2. Triggering updates with null_resource
:
resource "null_resource" "lambda_update" {
triggers = {
code_hash = filebase64sha256("my-function.zip")
}
provisioner "local-exec" {
command = "echo 'Code updated, triggering Lambda deployment...'"
}
}
resource "aws_lambda_function" "example" {
function_name = "my-function"
s3_bucket = "my-bucket"
s3_key = "my-function.zip"
# ... other configurations
depends_on = [null_resource.lambda_update]
}
This example introduces a null_resource
named lambda_update
. This resource has a trigger that monitors the SHA256 hash of your my-function.zip
file. Whenever the hash changes, indicating a code update, the null_resource
triggers and runs the specified command. The aws_lambda_function
resource depends on this null_resource
, ensuring that any change in the code triggers a Lambda function update.
3. Using deployment packages:
While not directly shown in code, this approach involves packaging your Lambda function code and its dependencies into a zip file. This zip file is then uploaded to S3 and referenced in your Terraform code. This approach simplifies dependency management and deployments, especially for larger Lambda functions.
4. Leveraging Terraform modules:
# modules/lambda-function/main.tf
resource "aws_lambda_function" "example" {
function_name = var.function_name
s3_bucket = var.s3_bucket
s3_key = var.s3_key
source_code_hash = filebase64sha256(var.s3_key)
# ... other configurations
}
# main.tf
module "my_lambda_function" {
source = "./modules/lambda-function"
function_name = "my-function"
s3_bucket = "my-bucket"
s3_key = "my-function.zip"
}
This example demonstrates creating a reusable Terraform module for deploying Lambda functions. The module encapsulates the Lambda function resource and its configuration. You can reuse this module across different projects and environments, promoting consistency and reducing code duplication.
By implementing these strategies, you can ensure that Terraform efficiently manages your Lambda function deployments and updates them only when necessary, based on actual code changes. This approach leads to more predictable and reliable deployments.
This section provides additional context and considerations for the strategies outlined in the document:
General Considerations:
source_code_hash
might suffice.
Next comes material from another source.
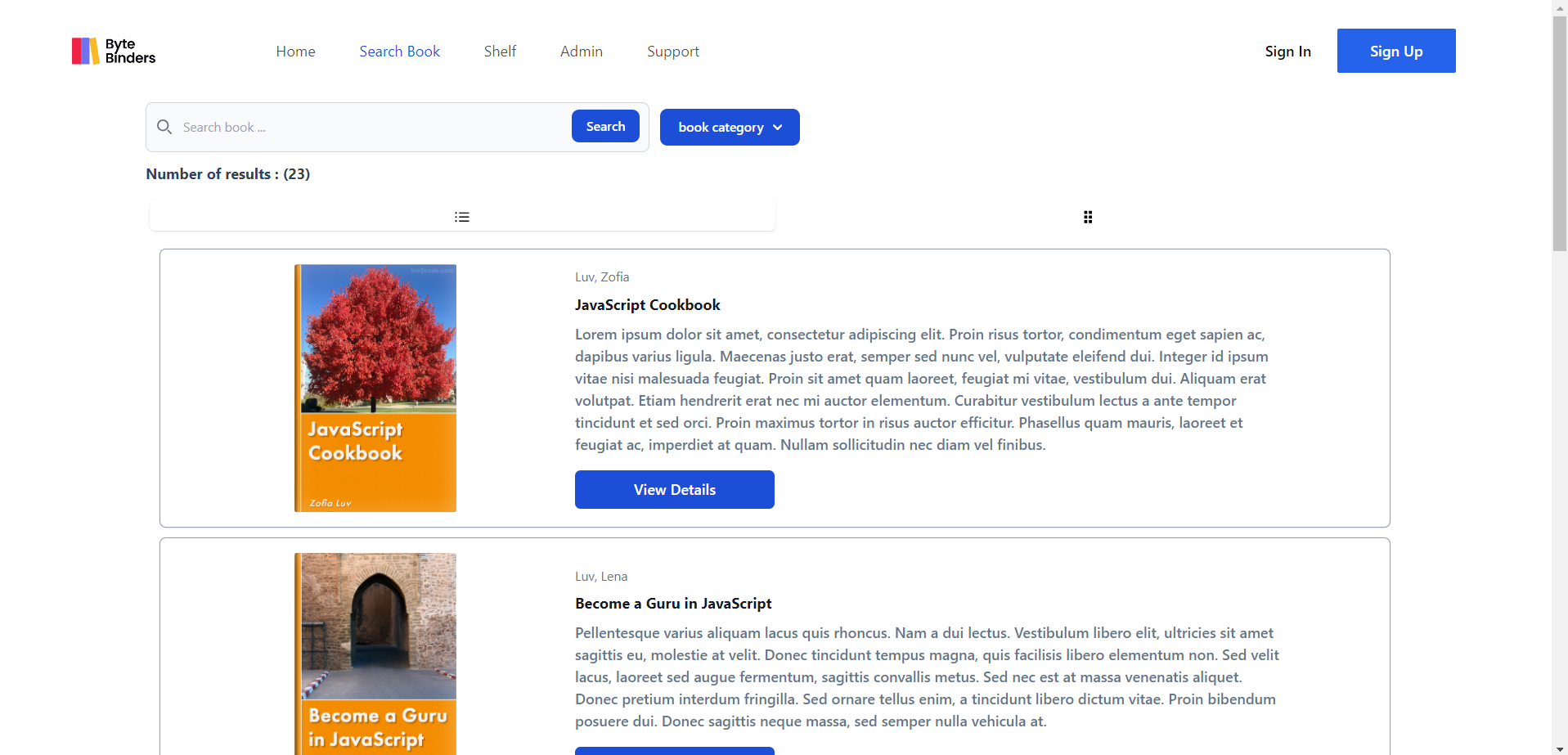 Seach Page: This feature allows users to search for books by title, author, or category.

For more frequent updates or integration with CI/CD pipelines, null_resource
offers more flexibility.Specific to source_code_hash
:
Specific to null_resource
:
null_resource
to monitor different files or resources. This allows for finer control over when to update your Lambda function.external
data sources within null_resource
to trigger updates based on events outside your Terraform code, such as a successful build in your CI/CD pipeline.Specific to Deployment Packages:
Specific to Terraform Modules:
Security Best Practices:
By incorporating these additional notes and best practices, you can establish a robust and efficient workflow for managing your Lambda function deployments with Terraform.
| Strategy | Description
By implementing these strategies and considering the additional notes, you can establish a robust and efficient workflow for managing your Lambda function deployments with Terraform, ensuring that your infrastructure code accurately reflects the state of your Lambda functions and updates are deployed automatically and reliably whenever the underlying code changes. This approach leads to more predictable deployments and allows you to focus on building and improving your applications.